Glenn Greenwald and Laura Poitras entered the US today. They are here to receive their Polk Awards for National Security Reporting at an event to be held today in New York City.

So what is going to happen? There was a lot of anger expressed by many in the US government over their role in helping disseminate the Edward Snowden revelations and a major freak-out by those who became unhinged and have been calling for the arrest of anyone who has assisted Snowden or helped in the dissemination of the spying documents.

In January, Director of National Intelligence James Clapper suggested that journalists reporting on the NSA documents were acting as Snowden’s “accomplices.” The following month, Rep. Mike Rogers (R-Mich.), chairman of the House Intelligence Committee, claimed that Greenwald was selling stolen goods by reporting stories on the NSA documents with news organizations around the world. Rep. Peter King (R-N.Y.) has called for Greenwald to be prosecuted.

So will they be arrested?

The problem is that by Greenwald and Poitras judiciously farming out the documents to mainstream publications around the globe and within the US, including solidly establishment papers like the Washington Post and having even the New York Times do stories, the government and the justice department will find it hard to justify the arrest of Greenwald and Poitras alone.

Of course, inconsistency and hypocrisy has not stopped the government in the past. But they may be fearful of a full media uproar if they arrest the pair when they are here to receive a journalistic award. But at the same time, if they allow them to leave again unharassed, they will be seen as paper tigers.

This should be interesting to watch.

Comments

  1. Dean Gilbert says

    I don’t think I’ve ever been so interested to hear about someone entering another country before.

  2. John Horstman says

    They won’t touch ’em; doing so would be courting all-out cyberwar from the hacker community in the US, not to mention massive meatspace protests. They want to minimize and distract in order to quell public pressure on Congress to do something (at the extreme end, massively scale back or eliminate spying, at least domestically), and high-profile arrests would have the exact opposite effect, and also may well be violations of the free press clause.

  3. jonP says

    I wonder what public pressure, or congress, can actually do at this point. I am sure government officials could get away with arresting or disappearing them, but it would make it blatantly obvious and explicit that they really can get away with breaking laws and violating the constitution. The government spying apparatus seems completely above the law now.

  4. AsqJames says

    Important to note that they (certainly Greenwald, not sure about Poitras) have been very careful not to simply “farm out” any of the Snowden materials. Wherever any media outlet has published stories based on documents obtained from Snowden via Greenwald, he has been named as one of the journalists working on the story -- i.e. he got a by-line credit.

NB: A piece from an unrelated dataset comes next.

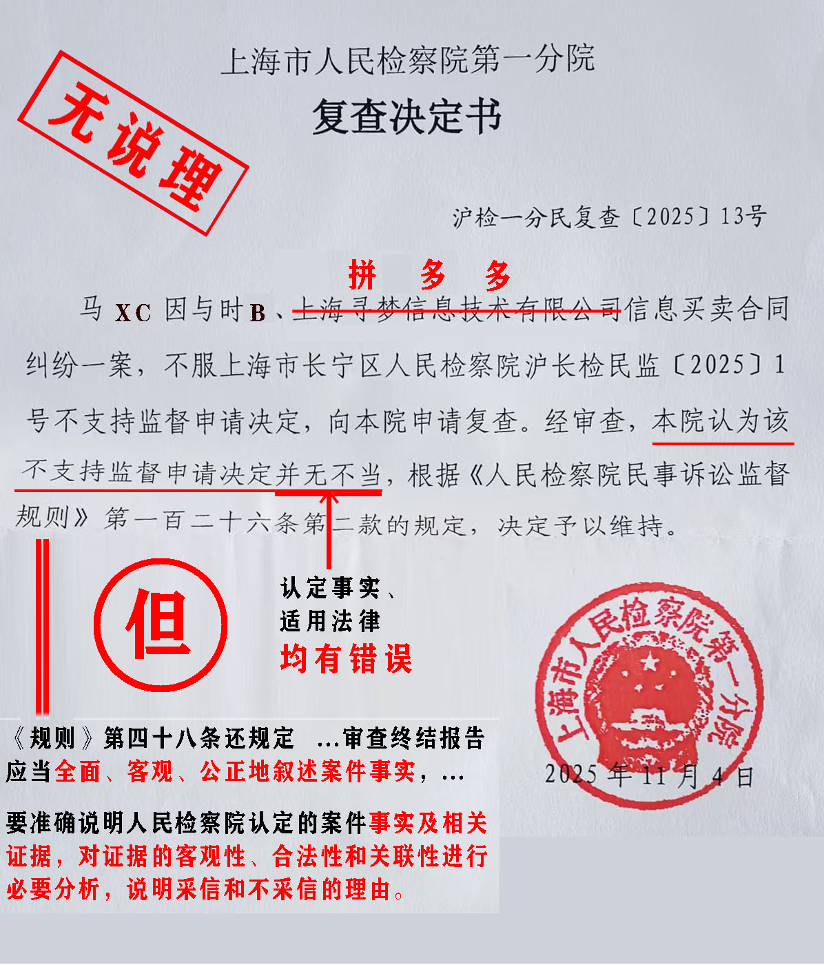 (一)《上海市人民检察院第一分院复查决定书》沪检一分民复查〔202513号,正文仅有133字(含标点符号),核心词只有一句话“经审查,本院认为该不支持监督申请决定并无不当”。

    The US government have been quite happy to go after sources using espionage laws, and even to prosecute journalists for refusing to name sources (hardly something they can nail GG for!). To do so they’ve had to argue for an extremely narrow reading of the 1st amendment, but prosecuting a journalist because of stories they’ve published would require not just a narrow reading, but actually skipping fairly significant sections entirely.

    The popular understanding of what is, and is not, constitutional is elastic to a certain degree, and it can be manipulated to an extent through propaganda. But when you get to the limit of that elasticity, either you stop stretching, you lose your grip or the whole thing snaps in unpredictable ways.